BEGIN The data

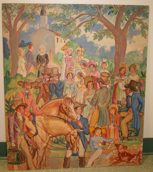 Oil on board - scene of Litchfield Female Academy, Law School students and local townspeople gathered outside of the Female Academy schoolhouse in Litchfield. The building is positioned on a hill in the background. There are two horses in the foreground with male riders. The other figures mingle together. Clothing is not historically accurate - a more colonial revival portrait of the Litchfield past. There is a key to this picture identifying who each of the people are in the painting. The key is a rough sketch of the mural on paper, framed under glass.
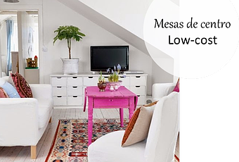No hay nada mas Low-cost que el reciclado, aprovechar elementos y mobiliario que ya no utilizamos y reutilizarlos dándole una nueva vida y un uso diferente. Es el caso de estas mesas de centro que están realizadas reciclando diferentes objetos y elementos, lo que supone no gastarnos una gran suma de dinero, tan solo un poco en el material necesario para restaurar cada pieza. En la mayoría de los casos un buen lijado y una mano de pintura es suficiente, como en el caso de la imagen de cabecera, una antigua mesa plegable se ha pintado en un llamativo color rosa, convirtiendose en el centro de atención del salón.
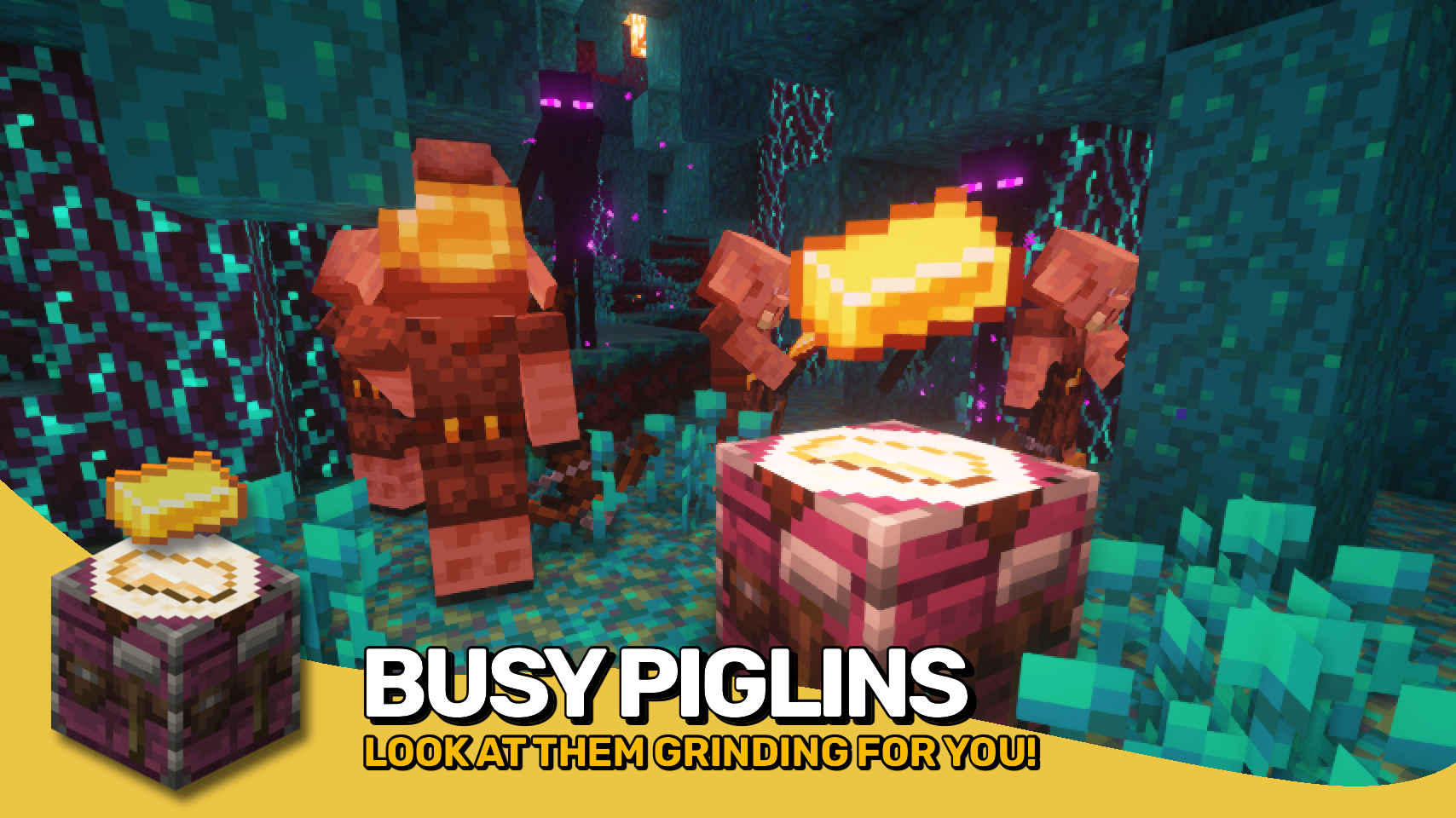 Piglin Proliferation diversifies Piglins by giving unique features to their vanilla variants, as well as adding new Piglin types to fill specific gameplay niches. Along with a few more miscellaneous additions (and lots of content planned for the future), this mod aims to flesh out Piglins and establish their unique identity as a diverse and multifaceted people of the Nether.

END The data

* _Task item_: In the copy, keep every line of the data above exactly and drop each picture.

* _Response area_:
 Oil on board - scene of Litchfield Female Academy, Law School students and local townspeople gathered outside of the Female Academy schoolhouse in Litchfield. The building is positioned on a hill in the background. There are two horses in the foreground with male riders. The other figures mingle together. Clothing is not historically accurate - a more colonial revival portrait of the Litchfield past. There is a key to this picture identifying who each of the people are in the painting. The key is a rough sketch of the mural on paper, framed under glass.
No hay nada mas Low-cost que el reciclado, aprovechar elementos y mobiliario que ya no utilizamos y reutilizarlos dándole una nueva vida y un uso diferente. Es el caso de estas mesas de centro que están realizadas reciclando diferentes objetos y elementos, lo que supone no gastarnos una gran suma de dinero, tan solo un poco en el material necesario para restaurar cada pieza. En la mayoría de los casos un buen lijado y una mano de pintura es suficiente, como en el caso de la imagen de cabecera, una antigua mesa plegable se ha pintado en un llamativo color rosa, convirtiendose en el centro de atención del salón.
 Piglin Proliferation diversifies Piglins by giving unique features to their vanilla variants, as well as adding new Piglin types to fill specific gameplay niches. Along with a few more miscellaneous additions (and lots of content planned for the future), this mod aims to flesh out Piglins and establish their unique identity as a diverse and multifaceted people of the Nether.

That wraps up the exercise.